TASK OBJECTIVE
From the line below containing "HALL & PERRY" to the final line, print each line exactly as written. No pictures belong in the copy.

RECORDED DATA

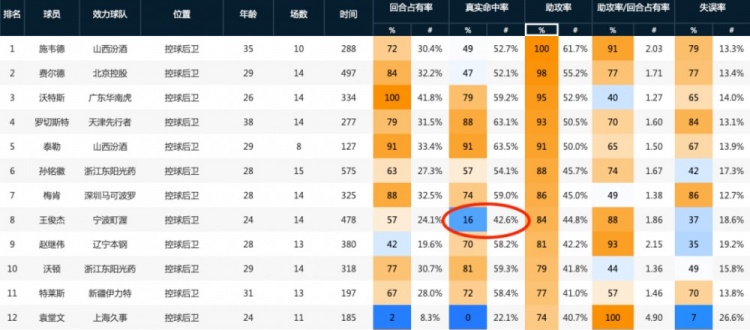 这还真是一个让王俊杰尴尬的数据,不是擅长推快攻吗,不是出球速度快么?不是全队跑节奏发挥你的优势吗?怎么全队得分效率这么低?
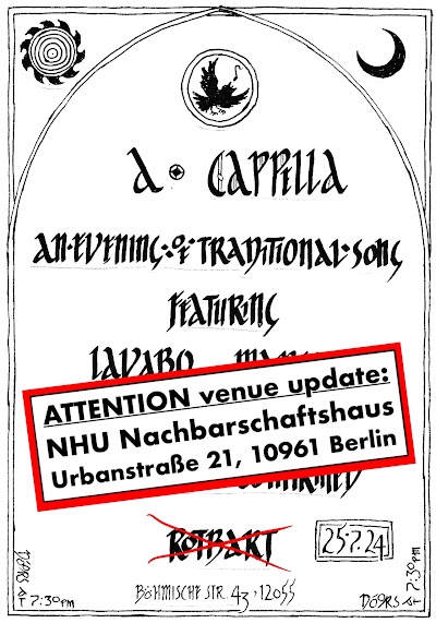 All singers and listeners welcome Vogt's Bierexpress Mehringdamm 32-34 10961 Berlin
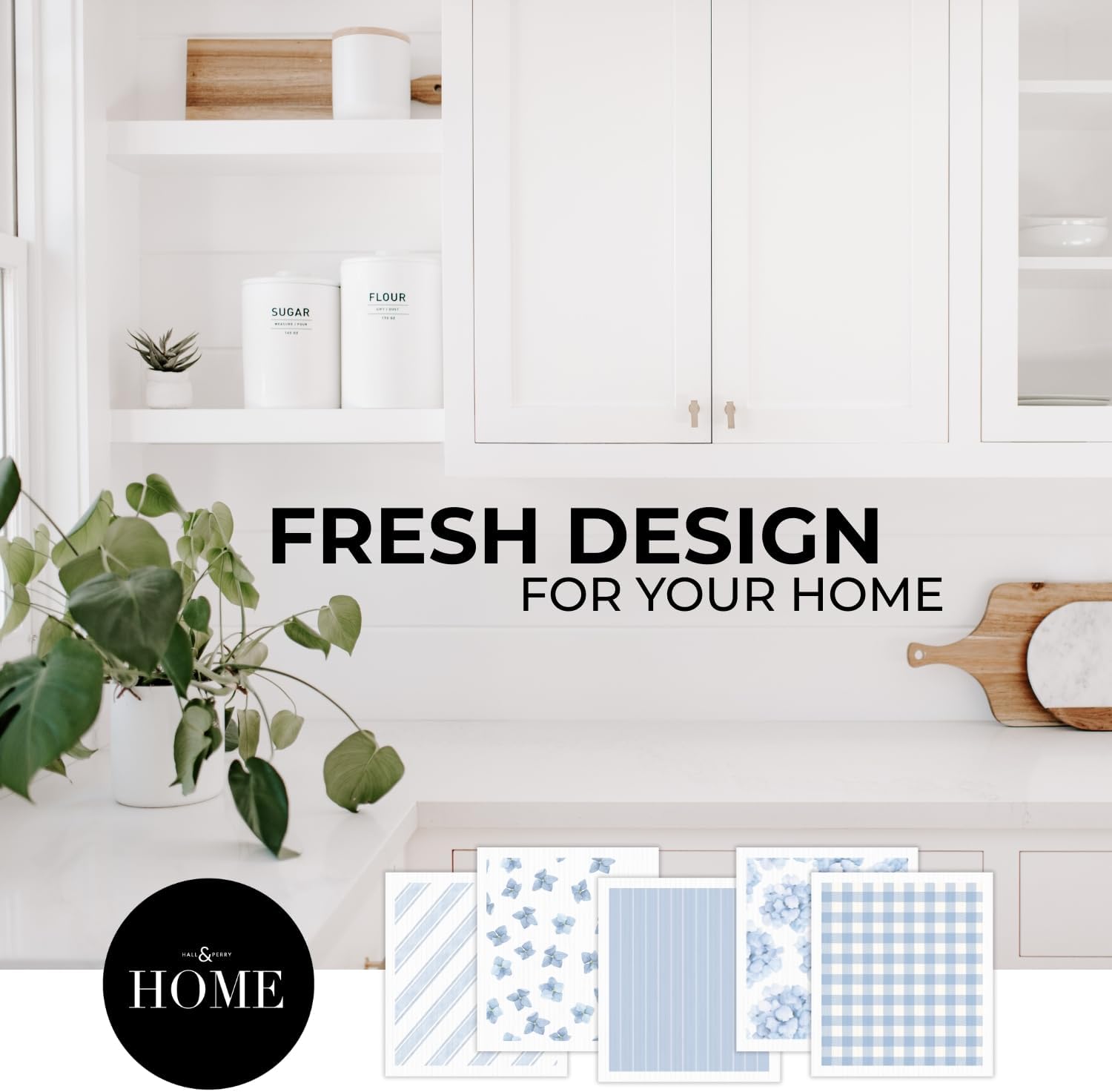 HALL & PERRY Swedish Dishcloths for Kitchen, 5-Pack, Reusable Cellulose Sponge Cloths for Kitchen & Cleaning – Eco-Friendly, Ultra-Absorbent, Quick-Drying (Floral Blue)
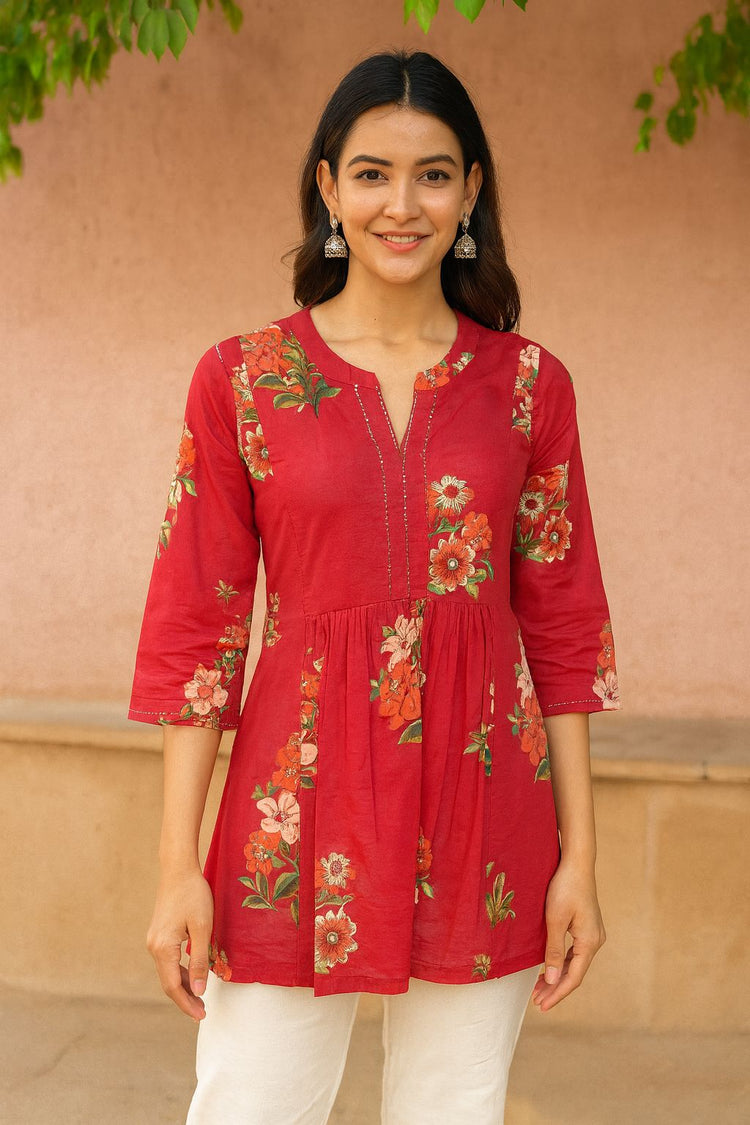 Women’s Red Cotton Short Kurti with Floral Print | Casual Ethnic Top for Daily Wear

TASK RESULT
 HALL & PERRY Swedish Dishcloths for Kitchen, 5-Pack, Reusable Cellulose Sponge Cloths for Kitchen & Cleaning – Eco-Friendly, Ultra-Absorbent, Quick-Drying (Floral Blue)
 Women’s Red Cotton Short Kurti with Floral Print | Casual Ethnic Top for Daily Wear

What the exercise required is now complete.